RECORDED DATA:
========

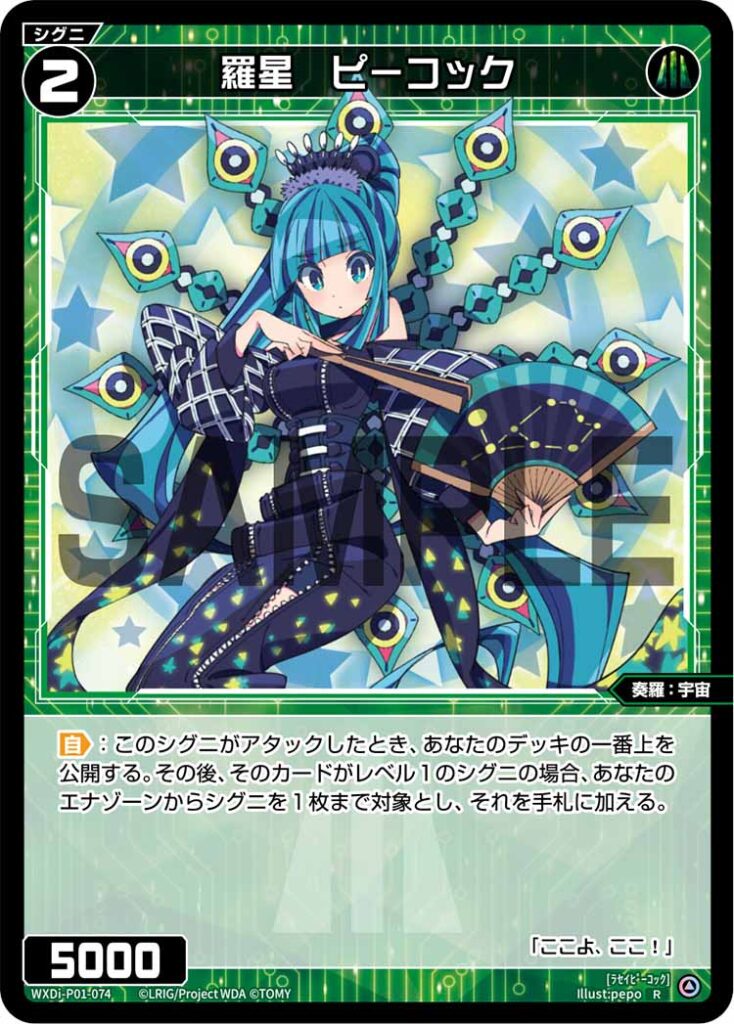 羅星 ピーコック シグニ 2025.12.03 WXDi-P01-074<ラセイピーコック> 【自】:このシグニがアタックしたとき、あなたのデッキの一番上を公開する。その後、そのカードがレベル1のシグニの場合、あなたのエナゾーンからシグニを1枚まで対象とし、それを手札に加える。 Q&A Q:公開したデッキの一番上のカードはどうなりますか? A:それが条件に合うカードかどうかに関わらず、効果終了後にそのカードはデッキの一番上に裏向きに戻します。 引用元:公式サイト
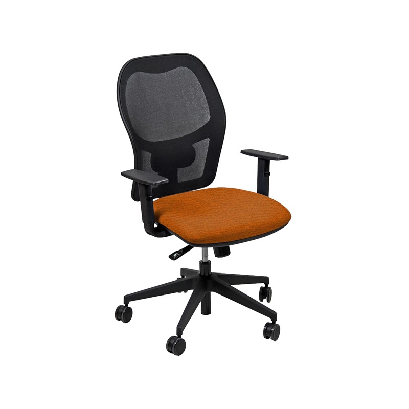 Seduta operativa girevole con elevazione a gas, meccanismo syncro, 4 blocchi anti shock e meccanismo a contatto permanente. Schienale con supporto lombare regolabile. Completa di braccioli regolabili. Rivestimento in tessuto "FASHION - Chili" 75% poliestere riciclato e certificazione di infiammabilità 1IM. Alt.tot: 102-113cm; Prof.tot: 68cm; Alt.schienale: 60cm; Largh.schienale: 48cm; Largh.sedile: 48cm; Prof.sedile: 46cm; Alt.sedile: 42-54cm.
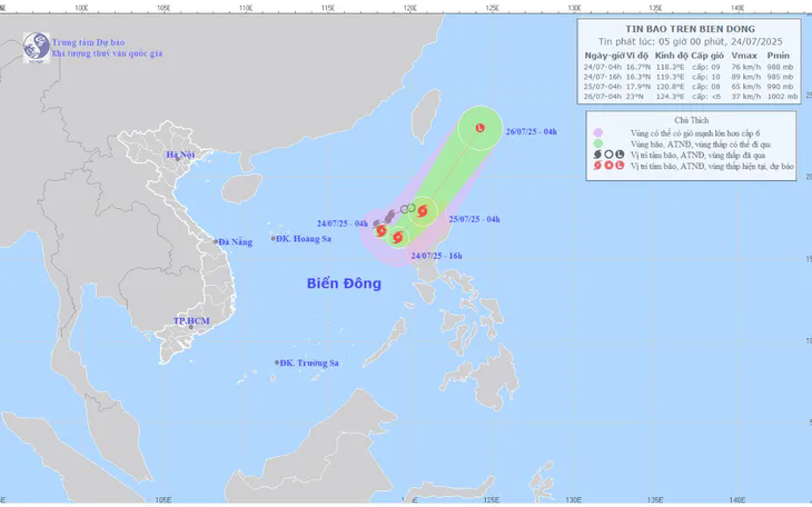 Dự báo trong chiều nay, bão có thể mạnh thêm, lên cấp 9-10, giật cấp 12. Bão ít có khả năng ảnh hưởng trực tiếp tới đất liền nước ta. Bão sẽ đổi hướng từ Đông Đông Nam chuyển sang Đông Bắc, sáng sớm mai (25/7) sẽ hướng vòng ngược ra khỏi Biển Đông.

========

WHAT YOU WILL DO: The response has to be an exact copy of all the data, pictures excluded.

EXERCISE RESPONSE:
 羅星 ピーコック シグニ 2025.12.03 WXDi-P01-074<ラセイピーコック> 【自】:このシグニがアタックしたとき、あなたのデッキの一番上を公開する。その後、そのカードがレベル1のシグニの場合、あなたのエナゾーンからシグニを1枚まで対象とし、それを手札に加える。 Q&A Q:公開したデッキの一番上のカードはどうなりますか? A:それが条件に合うカードかどうかに関わらず、効果終了後にそのカードはデッキの一番上に裏向きに戻します。 引用元:公式サイト
 Seduta operativa girevole con elevazione a gas, meccanismo syncro, 4 blocchi anti shock e meccanismo a contatto permanente. Schienale con supporto lombare regolabile. Completa di braccioli regolabili. Rivestimento in tessuto "FASHION - Chili" 75% poliestere riciclato e certificazione di infiammabilità 1IM. Alt.tot: 102-113cm; Prof.tot: 68cm; Alt.schienale: 60cm; Largh.schienale: 48cm; Largh.sedile: 48cm; Prof.sedile: 46cm; Alt.sedile: 42-54cm.
 Dự báo trong chiều nay, bão có thể mạnh thêm, lên cấp 9-10, giật cấp 12. Bão ít có khả năng ảnh hưởng trực tiếp tới đất liền nước ta. Bão sẽ đổi hướng từ Đông Đông Nam chuyển sang Đông Bắc, sáng sớm mai (25/7) sẽ hướng vòng ngược ra khỏi Biển Đông.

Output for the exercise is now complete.